# You realize life is good when.....



## GaryFish (Sep 7, 2007)

You realize life is good when.....

Your 13 year old daughter can correctly spell Ledoux, but not Bieber.


----------



## Moostickles (Mar 11, 2010)

...your two year old can name every kind of animal on the wall at Cabela's.


----------



## Mr Muleskinner (Feb 14, 2012)

when your son turns down time with friends to hang out with Dad.


----------



## stimmie78 (Dec 8, 2007)

Your 6 year old daughter knows summer is for fishing and winter is for hunting... And the big black gun(shotgun) is for grouse and the little black gun(.22) is for rabbits. And the "cabelas gun" (sks) is her favorite to pull the trigger on...


----------



## Chaser (Sep 28, 2007)

You find yourself completely enamored with the little version of you that is sleeping on your lap.
[attachment=0:2m1bfqmv]devnet.jpg[/attachment:2m1bfqmv]


----------



## Bax* (Dec 14, 2008)

When your three year old daughter wants to come down stairs and reload with you.

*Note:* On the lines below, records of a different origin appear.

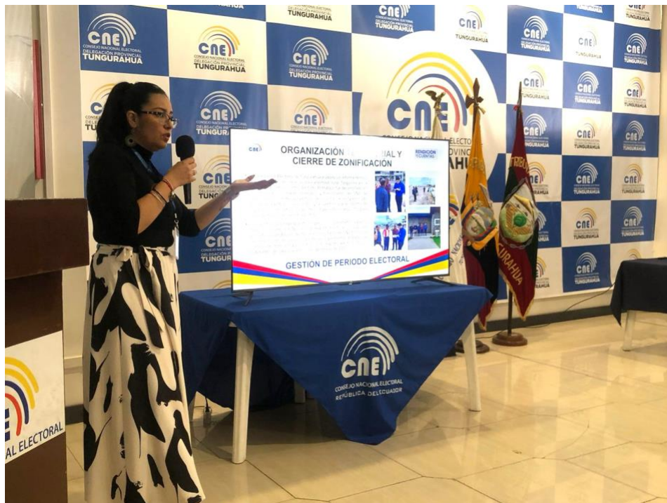
Ilustración 2. Deliberación Máxima autoridad evento Rendición de cuentas 2024 - CNE DPET
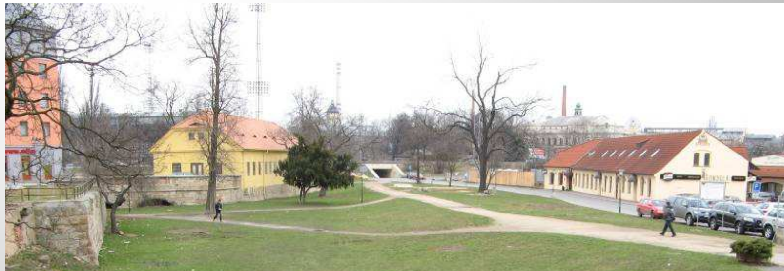
Mlýnská strouha listopad 2008 – zahájení stavby
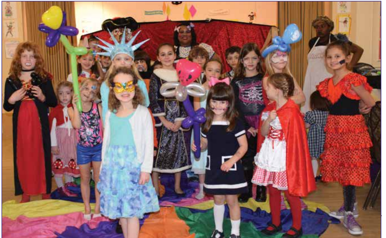
Children happily celebrating Carnevale at the Casa Italiana Sociocultural Center. See more on page 4.

She is pretty good at cleaning primer pockets!


----------



## bowgy (Oct 10, 2007)

You have just given your High Council Talk church is over and you are home sitting on the couch.


----------



## wyogoob (Sep 7, 2007)

Your son gets a Masters Degree from M.I.T.


----------



## Mr Muleskinner (Feb 14, 2012)

it rains


----------



## Huge29 (Sep 17, 2007)

-Your 4-year old tells the neighbor lady that he doesn't like the milk, but "I am going to drink it all gone just to show you that I am grateful for it." 
-Your 5-year old daughter out bats and catches most of the boys on her team that are mostly 6-year olds.


----------



## JERRY (Sep 30, 2007)

Your still breathing when you wake up in the morning!  And your daughter says she loves you! 8)


----------



## Al Hansen (Sep 7, 2007)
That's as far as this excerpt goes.